Dispatch from the Balcony of Customer Satisfaction

Day three in Puerto Rico.

Got rid of the balcony of disillusionment in an old-fashioned American way.  I complained to the management.

New room, new balcony, new view.  Satisfaction.

IMG_0300

Beautiful.  Much better.  God bless America, capitalism, free markets, and the hard-working fairies of customer satisfaction.

The rage I felt on the first day waxes and wanes at breakneck speed, like some moon gone berserk.  I’m reminded of Cuba at every turn, by random sights:  what used to be, what never was, what never will be, what could have been, what might have been, what was stifled, ruined, destroyed, what lurks behind the giant black tornado-sprouting wall cloud of the future.
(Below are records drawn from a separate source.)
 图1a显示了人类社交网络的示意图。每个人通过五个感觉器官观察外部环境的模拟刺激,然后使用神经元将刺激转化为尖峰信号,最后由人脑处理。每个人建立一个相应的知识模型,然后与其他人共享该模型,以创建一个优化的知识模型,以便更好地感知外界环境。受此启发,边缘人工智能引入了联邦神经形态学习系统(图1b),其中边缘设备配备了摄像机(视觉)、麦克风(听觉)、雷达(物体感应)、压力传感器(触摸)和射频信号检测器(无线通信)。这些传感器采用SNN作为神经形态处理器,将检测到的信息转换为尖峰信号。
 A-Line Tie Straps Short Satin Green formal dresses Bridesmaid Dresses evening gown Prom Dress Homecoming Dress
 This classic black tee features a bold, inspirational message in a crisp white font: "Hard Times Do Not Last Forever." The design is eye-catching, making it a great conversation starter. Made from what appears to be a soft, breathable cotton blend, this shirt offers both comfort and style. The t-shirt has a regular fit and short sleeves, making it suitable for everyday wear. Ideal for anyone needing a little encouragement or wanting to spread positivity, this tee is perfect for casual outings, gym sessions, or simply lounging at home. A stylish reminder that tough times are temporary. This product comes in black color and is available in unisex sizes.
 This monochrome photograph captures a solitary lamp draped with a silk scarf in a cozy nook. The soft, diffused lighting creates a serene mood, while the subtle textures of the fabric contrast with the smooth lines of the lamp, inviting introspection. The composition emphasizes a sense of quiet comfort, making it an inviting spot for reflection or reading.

Spent time with my cousins today, who kidnapped me, freed me temporarily from my conference.  Lots of Cuban-style conversation, so familiar and unfamiliar, so fast, faster than any conversation ever carried out by anyone, anywhere in New England.  Elation and rage spin in the core of the soul, changing places at a faster clip than the talking, faster even than the speed of light.
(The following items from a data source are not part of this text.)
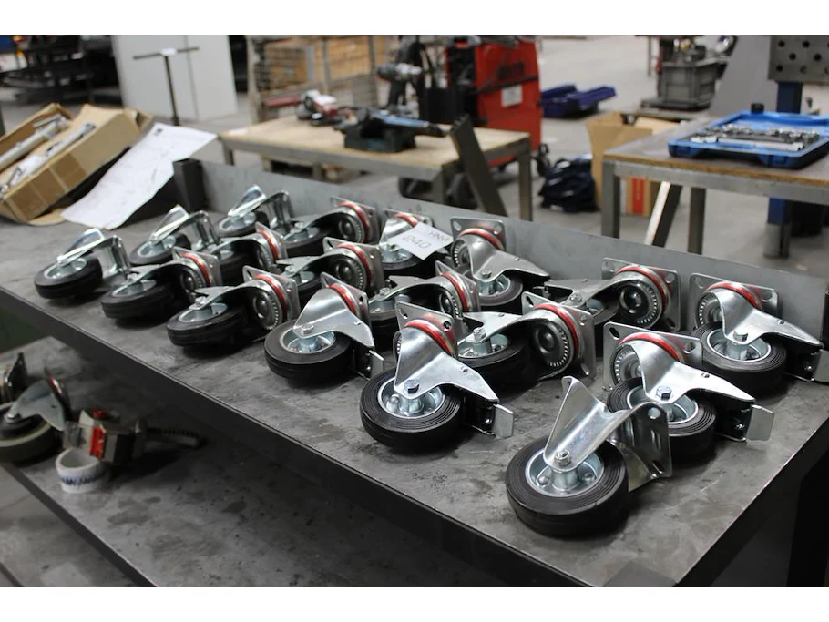 Achttien rubber wielen w.o. 14 zwenkwielen.
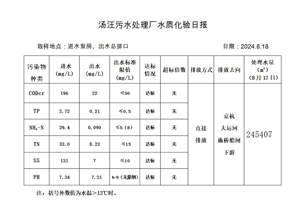 汤汪污水处理厂水质化验日报(2024.8.18)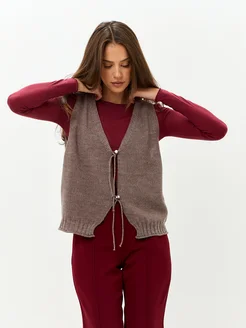 Жилет вязаный из шерсти с завязками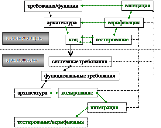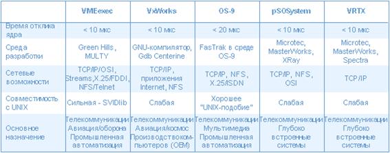 Диаграмма 1. Этапы жизненного цикла разработки. 1. Обзор требований проблемной области. 1.1. Особенности систем реального времени. Для начала стоит дать определение операционных систем реального времени. Оно взято из [13]. Данное определение не является классическим, однако обладает тем преимуществом, что позволяется в общих чертах представить себе отличия ОС, рассматриваемых в данной работе от других аналогичных программ. Операционные системы реального времени (ОС РВ) — управляющее ПО особого типа, часто используемое для организации работы встроенных компьютерных приложений, для которых характерны ограниченность ресурсов памяти, невысокая производительность, а также требования гарантированного времени отклика, высокого уровня готовности и наличия средств автомониторинга. А теперь рассмотрим упомянутое в определении более подробно. 1.1.1. Ограниченное время ответа. По сути, система реального времени - это аппаратно-программный комплекс, реагирующий в предсказуемые времена на непредсказуемый поток внешних событий. Это означает, что: · Она должна успеть отреагировать на событие, произошедшее на объекте, в течение времени, критического для этого события (meet deadline). Величина критического времени для каждого события определяется объектом и самим событием, и, естественно, может быть разной, но время реакции системы должно быть предсказано (вычислено) при создании системы. Отсутствие реакции в предсказанное время считается для СРВ ошибкой. · Система должна успевать реагировать на одновременно происходящие события. Даже если два или больше внешних событий происходят одновременно, система должна успеть среагировать на каждое из них в течение интервалов времени, критического для этих событий. По последствиям выхода за пределы интервала СРВ делятся на мягкие и жёсткие. Системы жесткого реального времени не допускают никаких задержек реакции системы ни при каких условиях, так как: · результаты могут оказаться бесполезны в случае опоздания; · может произойти катастрофа в случае задержки реакции; · стоимость опоздания может оказаться бесконечно велика. Системы мягкого реального времени характеризуются тем, что задержка реакции не критична, хотя и может привести к увеличинию стоимости результатов и снижению производительности системы в целом. Основное отличие между системами жесткого и мягкого реального времени можно выразить так: система жесткого реального времени никогда не опоздает с реакцией на событие, система мягкого реального времени - не должна опаздывать с реакцией на событие. В таблице 3 приведены времена отклика для нескольких ОС РВ. 1.1.2. Статическая основа проектирования. Кроме того, применение операционных систем реального времени всегда конкретно. Если ОС общего назначения обычно воспринимается пользователями (не разработчиками) как уже готовый набор приложений, то операционная система реального времени служит только инструментом для создания конкретного аппаратно-программного комплекса реального времени. Для большинства СРВ предполагается, что основная часть обрабатываемых данных априорно известна. Поэтому наиболее широкий класс пользователей операционных систем реального времени - разработчики комплексов реального времени, люди проектирующие системы управления и сбора данных. Проектируя и разр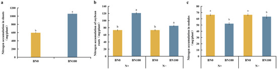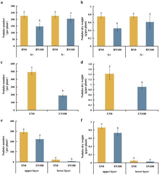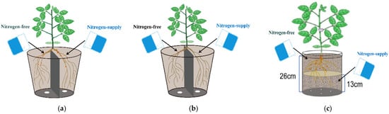 Nitrogen (N) fertilizers can promote soybean growth, nodulation, and nitrogen fixation to a certain extent. However, excessive nitrogen application inhibits the nitrogen fixation capacity of soybean nodules. In this study, three experimental materials were used to investigate the direct and indirect effects of localized exogenous nitrogen (Ammonium Nitrate, NH4NO3) on nodule nitrogen fixation in soybean. Three nitrogen supply methods were applied: bilateral nodulation dual-root soybeans, unilateral nodulation dual-root soybeans, and upper- and lower-layered soybeans. The root nitrogen accumulation of direct contact with exogenous nitrogen reached 72.61 mg/plant, 30.59 mg/plant, and 88.48 mg/plant, respectively, and its nitrogen accumulation ability was higher. Exogenous nitrogen inhibited nodule growth and nitrogen accumulation. Nodule development and nitrogenase activity were regulated both directly and indirectly by exogenous nitrogen, with a more pronounced inhibitory effect observed in the roots directly exposed to nitrogen. Experiment I demonstrated that the number and dry weight of nodules on the nitrogen supply side decreased by 35.04% and 40.00%, respectively, while the difference was not significant on the non-nitrogen supply side. Furthermore, the nodule system exhibited a substantial buffering effect on exogenous nitrogen. In Experiment I, no significant differences were observed in the number, dry weight, or nitrogenase activity of nodules on the non-nitrogen-supplying side. The number and dry weight of nodules in Experiment II decreased by 61.55% and 35.91%, respectively. The specific nitrogenase activity (SNA) and acetylene reduction assay (ARA) also decreased by 32.28% and 67.20%, respectively, showing significant differences. In Experiment III, the number and dry weight of nodules in the upper layers decreased by 23.70% and 15.12%, respectively. Furthermore, significant differences in nitrogenase activity were detected, indicating that the nodules exposed to exogenous nitrogen spontaneously initiated the nitrogen regulation mechanism. This partially offsets the inhibitory effect on the nitrogen fixation function of nodules on the indirectly exposed side. This study revealed that exogenous nitrogen supply significantly affected the growth efficiency and nodule nitrogen fixation function of soybean plants by regulating nitrogen absorption and resource allocation. The use of deep unilateral fertilization can ensure the nitrogen fixation capacity of nodules and nitrogen accumulation in soybean plants and provide theoretical support for improving nitrogen use efficiency and realizing scientific fertilization.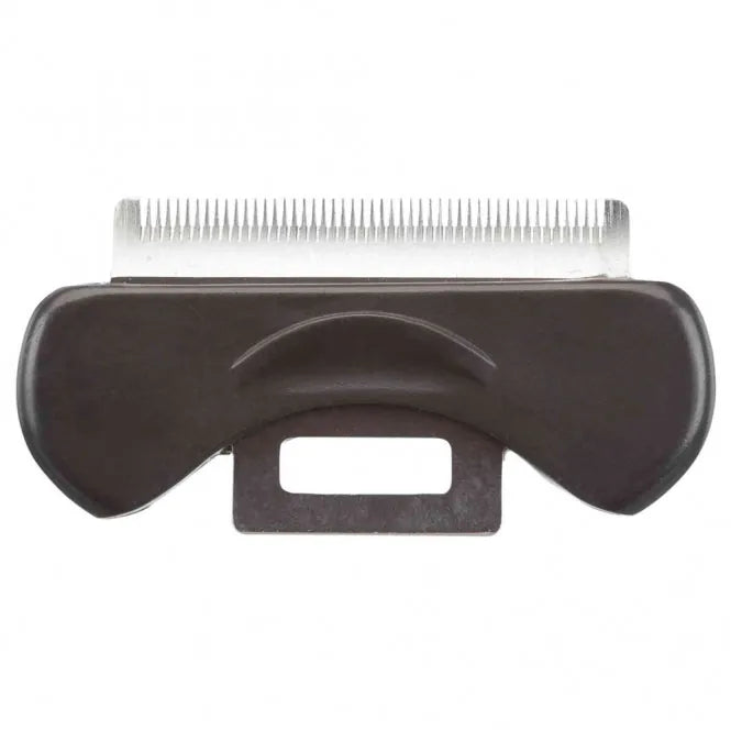 Der Striegelkopf lässt sich durch einen Schnappmechanismus am Griff einfach austauschen. Die Klinge ist aus rostfreiem Edelstahl.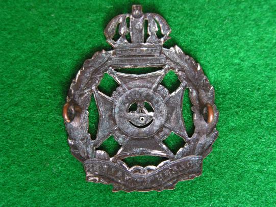 A blackened Royal Rifles of Canada cap badge with two lugs. Measures 2 1/8" x 1 3/4"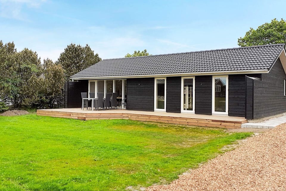 This modern holiday home near Helberskov offers the perfect mix of comfort and nature, ideal for up to 8 guests. With its energy-friendly design and modern amenities, it’s a place where families and friends can truly relax. The house features three bedrooms, two with double beds and one with bunk beds for four making it a cosy choice for both adults and children. The heart of the home is the bright living room, seamlessly connected to the fully equipped kitchen. Large windows flood the space with natural light and open directly onto a raised wooden terrace with several cosy corners for morning coffee, family dinners, or evenings under the stars. Outside, the spacious natural plot invites both relaxation and play. Children will love the swings, sandbox, and slide, while adults can enjoy barbecues or simply unwind in the tranquil, green surroundings. With the beach only 200 m away, days can easily be filled with sand, sea, and fresh coastal air. Practical amenities such as a dishwasher, washing machine, underfloor heating in the bathroom, Chromecast for streaming, and an air-to-air heat pump ensure a stay that’s as comfortable as it is carefree. Shops and restaurants are close by, but here you’ll feel a world away from the bustle. Whether it’s building sandcastles, cooking together, or simply enjoying the peace of the forested setting, this holiday home offers a truly refreshing escape.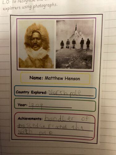 In History, KS1 have been learning about famous explorers. The children created trading cards for Mary Kingsley, Christopher Columbus, Matthew Henson and Dame Ellen MacArthur, showcasing what they learned about each explorer.

I meet relatives I’ve never met before: children, grandchildren, great-grandchildren of my cousin Rafael.  Three generations, all born in exile.  To them it’s not exile.  They have no images of Cuba tattooed on their neurons.

Cousin Fernando drives me back to the hotel.  He endured twenty years as a prisoner in Castro’s gulag.  At one point in the conversation, earlier, he had described how the sound of the firing squads reverberated throughout La Cabaña prison,  and then quickly moved on to joke after joke, some so funny they made me cry.  He really and genuinely could have been a great comedian.

As he is dropping me off, he tells me what happened when he was freed, something I did not know.  The King of Spain intervened, got the Castro dynasty to free him before he served all of his 30-year sentence, and he was flown to Spain.  But in Madrid he discovered that the U.S. State Department, then under the leadership of President Jimmy Carter, had branded him a “terrorist” and barred him from entering the Land of the Free and the Home of the Brave.

All he had done to merit this designation was to ferry weapons to a safe house in anticipation of the Bay of Pigs invasion, all this under the direction of the CIA.

“That’s how I was rewarded,” he said.  Then he told another joke. We hugged and said good-bye.

The rage flared up, but could not eclipse the exquisite beauty of the moment.

IMG_0309

Cousin Fernando (left), cousin Rafael (right).

 

 

 

 

5 thoughts on “Dispatch from the Balcony of Customer Satisfaction”

  1. When I moved to Puerto Rico in 1982, I was surprised to see there are no bohios in the countryside, like those that still exist in Cuba. Enjoy “La Isla del Encanto.”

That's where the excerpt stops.